Al Qaida may be operating in Pakistan - Rumsfeld

Al Qaida fighters may be operating in the Kashmir region dividing India and Pakistan, US Defence Secretary Donald Rumsfeld said.

Al Qaida may be operating in Pakistan - Rumsfeld

Al Qaida fighters may be operating in the Kashmir region dividing India and Pakistan, US Defence Secretary Donald Rumsfeld said.

Rumsfeld, in talks today with Pakistan’s president, was sure to discuss Islamabad’s role in finding Osama bin Laden’s fighters, both in the remote tribal regions of Pakistan itself and also potentially in Kashmir.

‘‘I have seen indications that there, in fact, are al Qaida in the areas we’re talking about, near the Line of Control’’ that separates the Pakistani and Indian sectors of Kashmir, Rumsfeld told a news conference in New Delhi, India, before flying to Pakistan.

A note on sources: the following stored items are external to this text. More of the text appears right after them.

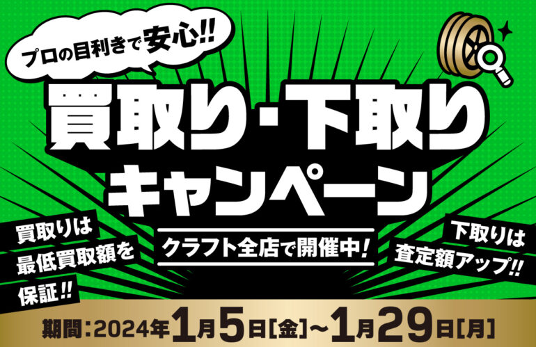 特に2024年1月5日(金)~1月29日(月)の期間中【買取り・下取りキャンペーン】を開催!
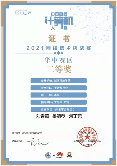 本网讯(通讯员 刘毅 郭靖)日前, 2021年“中国高校计算机大赛-网络技术挑战赛”决赛答辩评审在温州大学举行,来自全国的268件作品分别在五大赛道展开紧张激烈的角逐。伟德官网信息工程学院由文海英等教师指导的刘春燕团队的作品获华中赛区二等奖,并在全国决赛中获得三等奖。
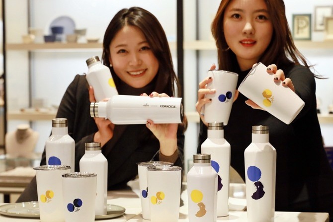 텀블러의 경우 환경을 생각하는 미국 아웃도어 브랜드인 ‘미르(MiiR)’와 콜라보레이션한 제품이며, 보틀은 미국의 스타일리시 텀블러 브랜드 ‘콕시클(CORKCICLE)’과 콜라보레이션 작업을 했다.
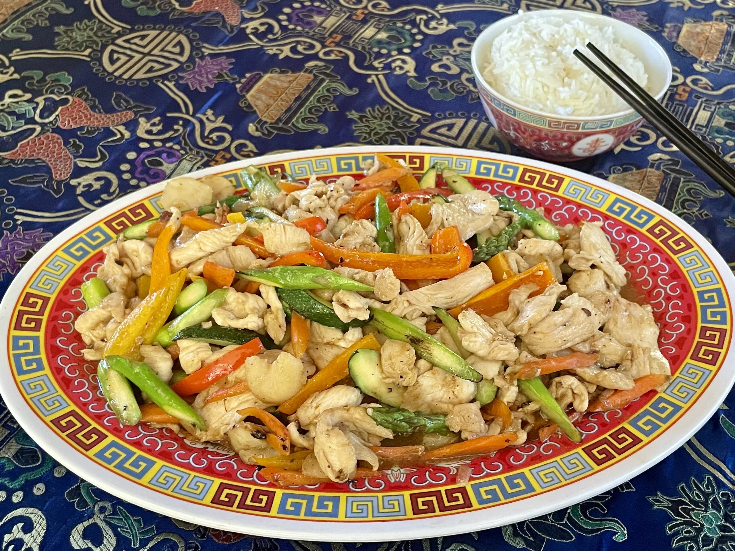 Add the vegetable requiring the longest cooking time. Stir fry until 50% cooked. If the vegetable requires more intense heat, cover the pan / work with a lid for a few seconds. (You can also add a little water /chicken stock to quickly steam the vegetable.)
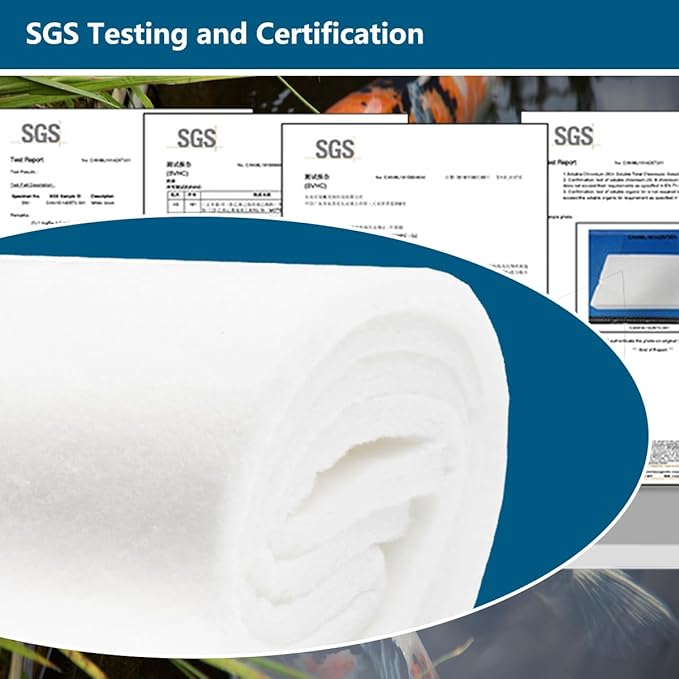 - 🐟Arbitrary cutting: Our pond filter pad can be easily cut to any size you need, saving more money; suitable for all sizes of filtration systems, such as koi pond filters, waterfall filtration, pond skimmer box, etc. 【The item is shipped in compressed packaging, the thickness will be thinner, after unpacking and leaving it for a period of time, the fiber will return to its original thickness.】
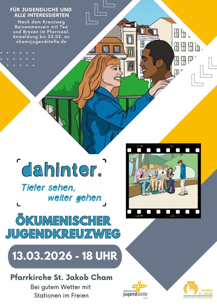 Wir möchten gerne zum Ökumenischen Jugendkreuzweg am Freitag, den 13.03.2026 um 18 Uhr nach Cham St. Jakob einladen. Das diesjährige Motto lautet "dahinter. Tiefer sehen, weiter gehen".
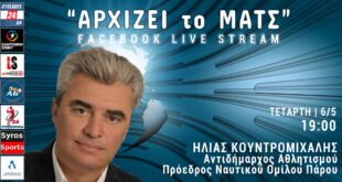 «Αρχίζει το ματς» με Ηλία Κουντρομιχάλη «Αρχίζει το ματς» και σήμερα Τετάρτη στις 19:00 με ένα καλεσμένο από την όμορφη Πάρο. Κοντά μας θα είναι ο Αντιδήμαρχος Αθλητισμού και πρόεδρος του Ναυτικού Ομίλου Πάρου Ηλίας Κουντρομιχάλης που θα μας μιλήσει για όλα τα ζητήματα που απασχολούν τον αθλητισμό του νησιού …
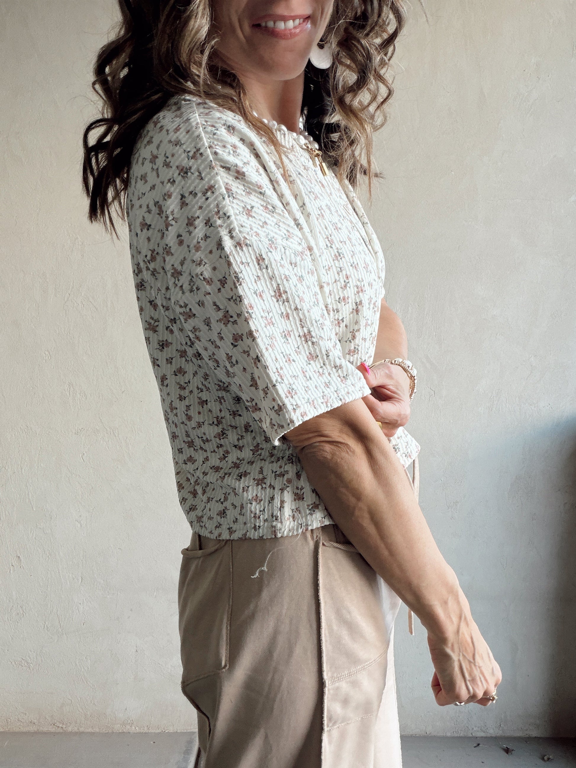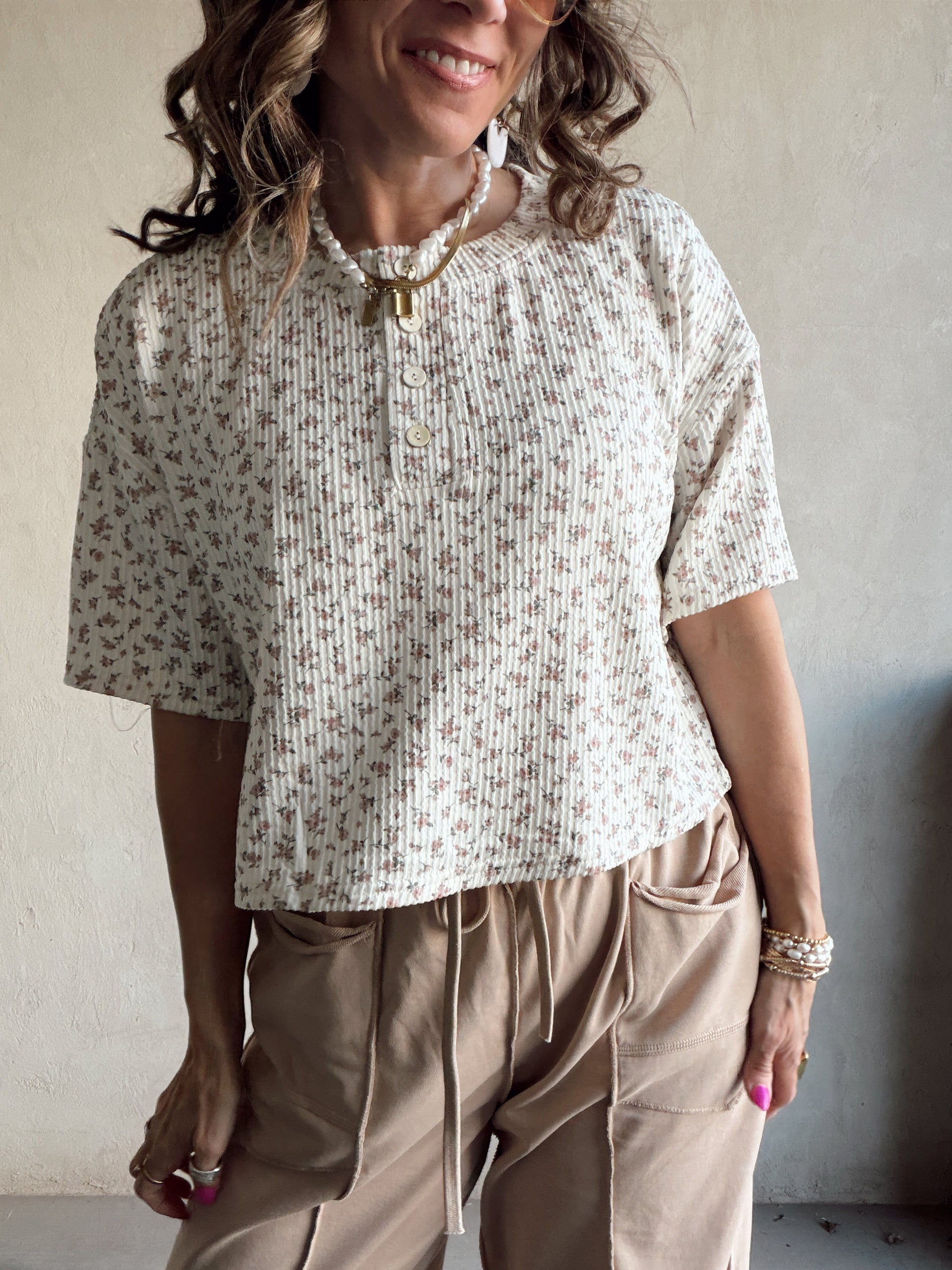 Luca Top in Tan & Mauve Floral

‘‘I do not have evidence of precisely how many, or who, or where’’ they may be, the defence secretary said.

He spoke after meeting with Indian Prime Minister Atal Bihari Vajpayee to discuss the Kashmir crisis and the long-term outlook for US-India military ties.

For some time, Indian officials have claimed that al Qaida members have infiltrated Kashmir, in part because that would draw a dramatic parallel to the US war against al Qaida in Afghanistan.

An Indian official said this week there is evidence of up to two-dozen al-Qaida fighters in the Indian part of Kashmir.

Attacks on India by Muslim militants who want Kashmir to be independent, or part of Pakistan, are a main source of tensions between the two nuclear-armed neighbours.

But US officials previously have said they see no hard evidence of any large numbers of al Qaida in the Himalayan region.

Some of the Pakistani militants in Kashmir do have long-standing ties to al Qaida, and some trained in bin Laden’s camps in Afghanistan. A few non-Pakistani al Qaida supporters are believed to have sought refuge in Kashmir, US officials said, speaking on the condition of anonymity.

But it appears that Pakistanis in the Kashmir region are acting of their own volition when they launch cross-border attacks on India, the US officials said.

India has insisted that Pakistani President Pervez Musharraf crack down on the militants’ training camps in Pakistan and keep them from crossing into India. Musharraf assured India last week that he had ordered his forces to stop fighters from crossing.

Efforts to apprehend al-Qaida members, including in the remote and largely autonomous tribal regions along the Pakistan-Afghanistan border, were to be a focus of Rumsfeld’s talks today with Musharraf.